Not an issue per se, but I’m trying to understand if there’s any known best-practice regarding which node roles should be the ones to receive data from an opensearch-output logstash output plugin.
The only information I found was on this elastic forum thread suggesting having the master and coordinator roles as part of the output host pool, and this stackoverflow question which suggests not adding the master role to the pool in order to guarantee that master nodes only perform the necessary important tasks inherit to their role.
But that leads to a bit of a contradiction. I was wondering if anyone has any advice? As of right now we simply have all nodes in the pool of hosts on the output.
I have a set of coordinator nodes that I send my Logstash data to. Fluentd for some reason always picks the first coordinator node, so I have a load balancer VIP with those coordinator nodes in it. That way when request gets to coordinator nodes they can do the load balancing between the data nodes. Same way for clients querying OS, separate set of coordinator nodes behind a load balancer vip with DNS tied to it.

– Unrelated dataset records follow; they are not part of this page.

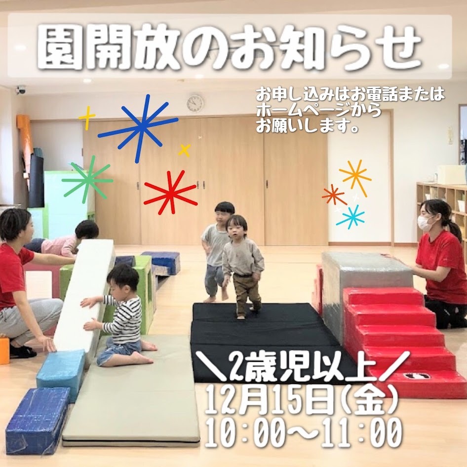 2023年11月22日(水) お知らせ 12月/園開放のお知らせ(2歳児以上) 在園児と一緒に広いスタジオで遊具を使った 遊びやリズム体操を行います。 ぜひご参加ください。 見学や入園相談も随時受け付けております ので、お気軽にお問い合わせください。 ◆園開放日 0歳児・1歳児 12月14日(木) 10:00~10:45 2歳児以上 12月15日(金) 10:00~11:00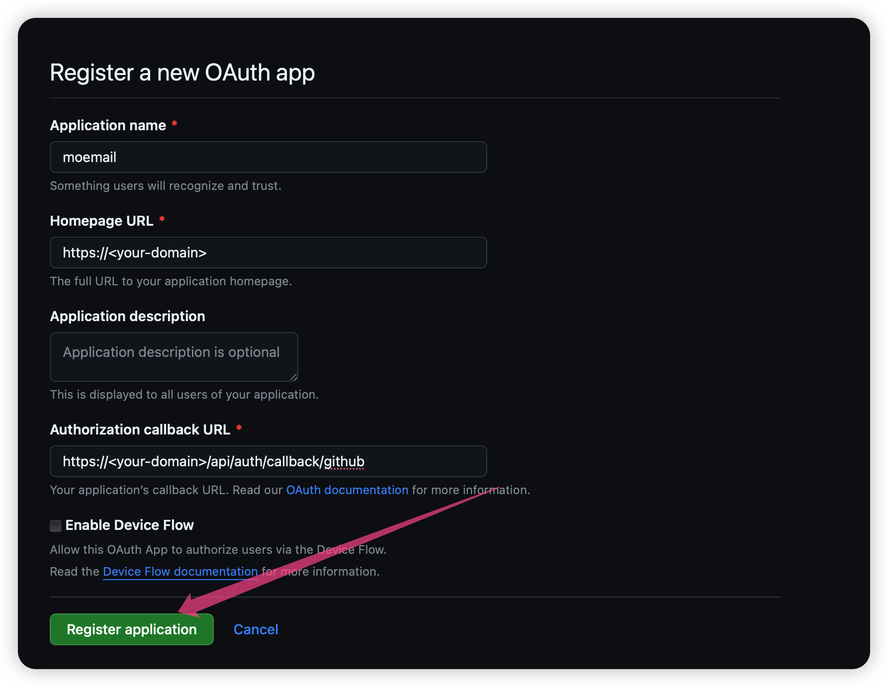 | Authorization callback URL | Github 认证地址,如:https://<your-domain>/api/auth/callback/github |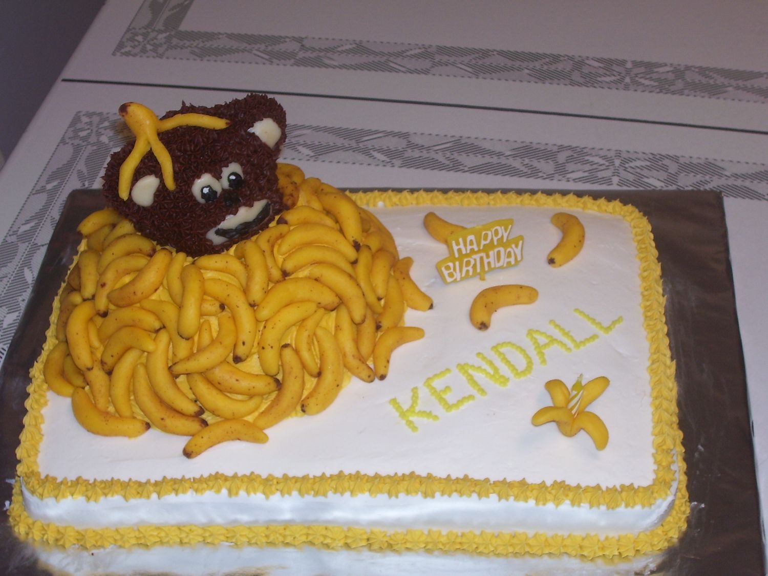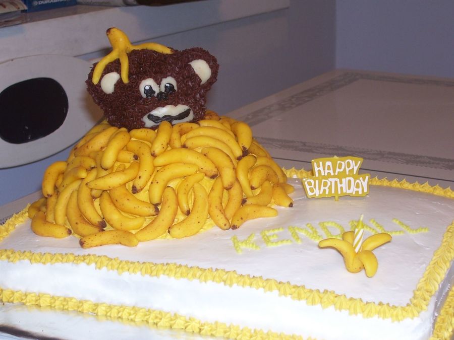 I don't know, I think he looks like a monkey :lol: I LOVE the banana peel on his head and holding the candle! Love your creativity!!!!! Was the cake banana flavored??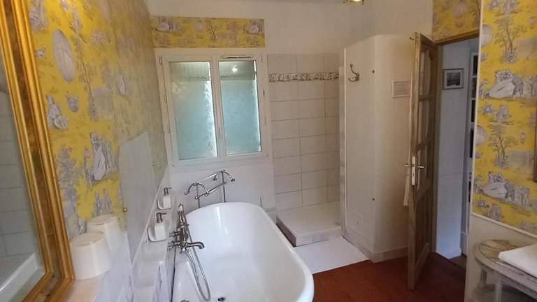 Die Unterkunft bietet ein Schlafzimmer sowie ein Badezimmer mit Dusche, Badewanne und kostenlosen Pflegeprodukten. Handtücher und Bettwäsche werden bereitgestellt.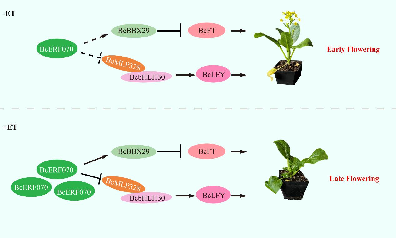 基于上述结果,提出了BcERF070响应乙烯抑制不结球白菜开花的工作模型(下图)。通常情况下,BcERF070的表达量较低,正常开花。然而,在乙烯诱导下,BcERF070的表达量显著升高。增多的BcERF070会损伤BcMLP328-BcbHLH30复合物对BcLFY的促进作用,从而导致不结球白菜开花延迟。与此同时,BcERF070还能直接促进开花抑制子BcBBX29的表达,从而降低不结球白菜中BcFT的表达,从而抑制开花。

Thanks for the reply. In my case our coordinator and also master nodes have much lower OS specs than the data nodes. And are much less is quantity as well.
Our current output configuration as of right now outputs to all the nodes in the cluster. It makes sense in theory to send the data to the coordinators so they can fan out to the corresponding nodes as you mentioned, but would we potentially be creating a bottleneck by just sending the output logs to 2 coordinator servers and removing the others, which currently amount to 10 total nodes in the output?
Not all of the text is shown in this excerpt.